14. This oil can't be dumped or disposed off, since that will cause an environmental disaster and result in billions of dollars of penalty (Exxon Valdez, Deepwater Horizon, etc.)
But now problem is drilling cannot be stopped as cost of drilling high & cannot be kept idle.
1. Most of the oil is traded via Futures Contracts.
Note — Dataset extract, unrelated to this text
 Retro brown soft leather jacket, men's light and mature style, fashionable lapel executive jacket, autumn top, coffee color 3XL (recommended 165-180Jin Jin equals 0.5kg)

There is a Spot Price as well, which is taken into account while arriving at the "theoretical futures price"
2. There are two main Futures Contracts (remember this is simplified) - The WTI and the Brent
3. WTI refers to the Oil from North America, while Brent refers to oil from Middle-east, Europe and Russia
4. There are a million variants, but we will omit those for the moment, since they complicate the discussion without really adding any clarity
5. The "Oil Price" that's gone negative is the settlement prices for the May 2020 Delivery Contract (ONLY THAT ONE)
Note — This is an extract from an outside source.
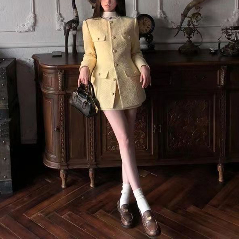 가계의 딸 프렌치 스타일 여성 가을 겨울 작은 향기 스타일 허리 재킷 하이 웨이스트 스커트 투피스 세트스토어 가기
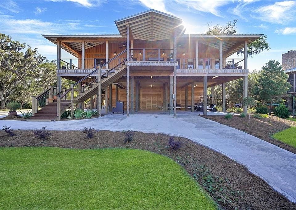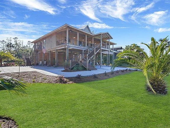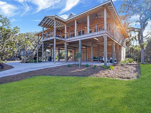 Breathtakingly beautiful, one of a kind, home on true deep water, with all of the upgrades you can want! This stunning 4 bedroom, 2 and a half bathroom home is truly move-in ready and in pristine condition. The home was completed in 2018 and careful attention was paid to every detail. The home features wood interior throughout without a single piece of sheetrock. The spacious living area is highlighted by the vaulted ceilings and oversized windows adorning the back wall providing gorgeous views of the coast. When looking outside you can't help but be mesmerized by the scenery of Atwood Creek, Doboy Sound, Sapelo Island out to the Atlantic. Features include a luxury elevator, Sonus surround sound, tankless water heaters, a private dock on deep water (25 feet at low tide) with a dry pad, boat and trailer parking, large workshop, oversized back porch, and it is being sold fully furnished. JoAnna Gaines would be envious of the decor in this beautiful home! This is truly one of a kind!

6. Some more complexity - There are two forms of settlements for Crude Oil Futures Contracts (and for most commodities), viz Net Settlement and Physical Delivery
7. Net settlement allows the buyers of the contracts to settle the financial difference between the buying price and the settlement price
8. If a buyer of a Futures Contract doesn't opt for net settlement on or before the "Notice Date", which passed last week for the May 2020 Delivery, then they are assumed to be taking physical delivery of the underlying quantity of Crude Oil
9, And that's the "technical problem" that's pushing the settlement price of May 2020 Delivery Contracts to become negative. There is a buyer, or a series of buyers, who are stuck with physical delivery option that they can't actually use, ie they can't take physical delivery of the underlying crude oil because they don't have the storage capacity to store this
10. The negative price indicates that they are getting some buyer, probably a refiner, or a storage facility or a driller, to take the delivery off their hands by PAYING them to buy the oil that's ready for May delivery
11. It's never happened before in the history of Crude Oil Futures trading. It's a very unique situation
12. However, the June delivery WTI futures are still trading in positive territory at $20+/ BBL. And the Brent Futures for June 2020 delivery are trading at $25+/ BBL
13. Will this have implications: surely so. It means that the US Crude Oil producers are now facing a glut and if they don't stop drilling, they will have to give the oil away free, and/or pay people to buy that oil.
14. This oil can't be dumped or disposed off, since that will cause an environmental disaster and result in billions of dollars of penalty (Exxon Valdez, Deepwater Horizon, etc.)
But now problem is drilling cannot be stopped as cost of drilling high & cannot be kept idle.